Donald Trump invited self-declared Venezuelan President Juan Guaidó to be the guest of honor at his State Of The Union address in 2020, where Guaidó was described as “the true and legitimate president” and received a standing ovation from Republicans and Democrats alike.
Trump and Guaidó’s post-SOTU meeting was reported in the press at the time as “focused on actions to achieve democracy and liberty.” Esper’s account, however, reveals that the conversation revolved around an American invasion of the country. Trump, who Esper says had been “fixated on Venezuela since the early days of his administration,” asked Guaidó directly, “What if the U.S. military went down there and got rid of Maduro?” The offer was music to the ears of the Venezuelan, who replied, “Of course we would always welcome U.S. assistance.” Guaidó had attempted four coups already, each time calling on the people and the military to rebel and join his side, but had received a less than enthusiastic response.

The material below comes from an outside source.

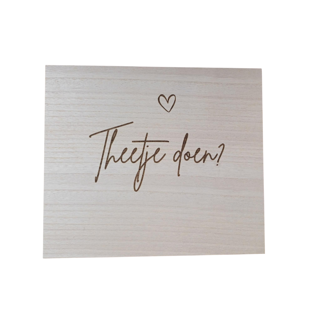 Op zoek naar een uniek en persoonlijk cadeau of een stijlvolle toevoeging aan je keuken? Deze theekist met 12 vakken is perfect om al je favoriete thee georganiseerd te bewaren. Wat deze theekist écht bijzonder maakt, is dat je hem kunt laten graveren met je eigen tekst of afbeelding. Of het nu gaat om een naam, een speciale boodschap of een eigen ontwerp, het geeft een persoonlijke en elegante touch. Ideaal als geschenk voor een verjaardag, jubileum, of gewoon om jezelf te verwennen. Combineer functionaliteit met een persoonlijk tintje en geniet van een prachtig gepresenteerde theecollectie!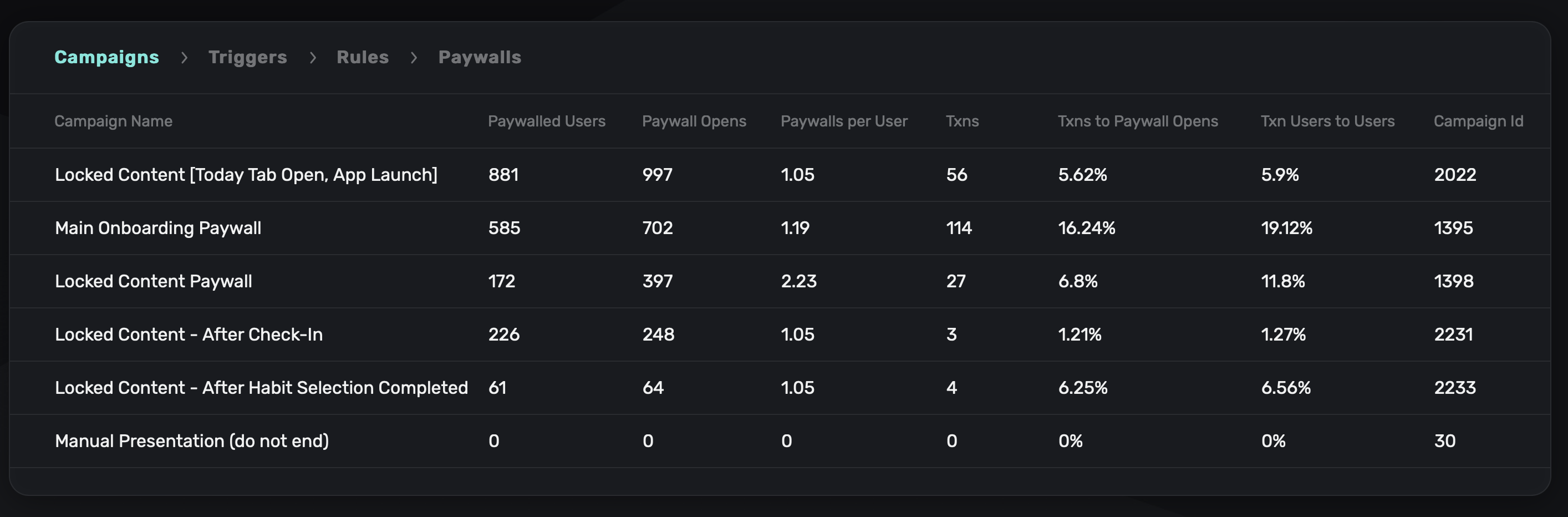 Below the high level metrics on the dashboard, you can see breakdowns per campaign/trigger/rule/paywall for the selected date range:

Esper’s account aligns with that of a previous tell-all book from National Security Advisor John Bolton. In “The Room Where It Happened: A White House Memoir,” Bolton claims Trump said that it would be “cool” to invade Venezuela because it is “really part of the United States.”
The invasion had some vociferous backers in the room, including Mauricio Claver-Carone, senior director of the National Security Council, and Robert O’Brien, Trump’s national security advisor. Esper felt Claver-Carone’s judgment was clouded by his personal investment in undermining Latin American socialism, being as he was, a member of the virulently anti-communist Miami-Cuban community. Often called “the capital of Latin America,” Miami is full of emigres who push Washington for a more hawkish stance on Cuba, Venezuela, and Latin America more generally. Bolton’s book also paints Claver-Carone and O’Brien as hawks.

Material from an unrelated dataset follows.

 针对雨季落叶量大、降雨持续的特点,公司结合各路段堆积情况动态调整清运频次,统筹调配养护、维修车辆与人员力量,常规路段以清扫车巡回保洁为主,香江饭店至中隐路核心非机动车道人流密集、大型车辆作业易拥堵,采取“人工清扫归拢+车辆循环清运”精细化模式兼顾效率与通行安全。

Esper, however, was alarmed by the prospect of a military quagmire and suspected that Guaidó was far less powerful than he made out to be. As Esper told Trump, the Venezuelan opposition would only “fight to the last American.” When he asked Guaidó directly whether “his people” would be willing to organize, train and fight, the response amounted to “It would be so much easier and quicker if the U.S. would do this for us.”
Operation Gideon
Instead, Esper and Chairman of the Joint Chiefs of Staff Gen. Mark Milley suggested raising an army of mercenaries to carry out a terror war against the Venezuelan population, along the lines of what the U.S. did with the Contras in Nicaragua. As Esper wrote:
General Milley also thought we should look at irregular warfare options, such as the U.S. training and arming of Venezuelan expatriates [REDACTED]. The United States had a long history with these types of operations. It was an idea worth developing. Milley and I had discussed this several times before. »
However, Guaidó’s team was more interested in discussing secret plans of which even Esper was unaware. At one point, one of Guaidó’s colleagues leaned forward and said, “We have some plans you [the U.S. government] know we are working on; they’re just not ready yet,” made a quick reference to Florida, and shared a smile, a nod and a knowing look with Claver-Carone.
At the time, Esper claims to have been nonplussed by this comment. However, he later understood it as a reference to Operation Gideon, an attempt by a semi-private Florida mercenary firm to mount an amphibious invasion of Venezuela, shoot their way to the presidential palace, capture, detain, or “remove” Maduro, and install Guaidó as “president.”
Operation Gideon was attempted just a few weeks after the meeting, but failed spectacularly as the heavily armed mercenaries were overpowered even before they reached land, when disgruntled lobstermen from the local fishing collective disarmed them with nothing more than fishing knives and old revolvers. The event has since been christened Trump’s “Bay of Piglets.”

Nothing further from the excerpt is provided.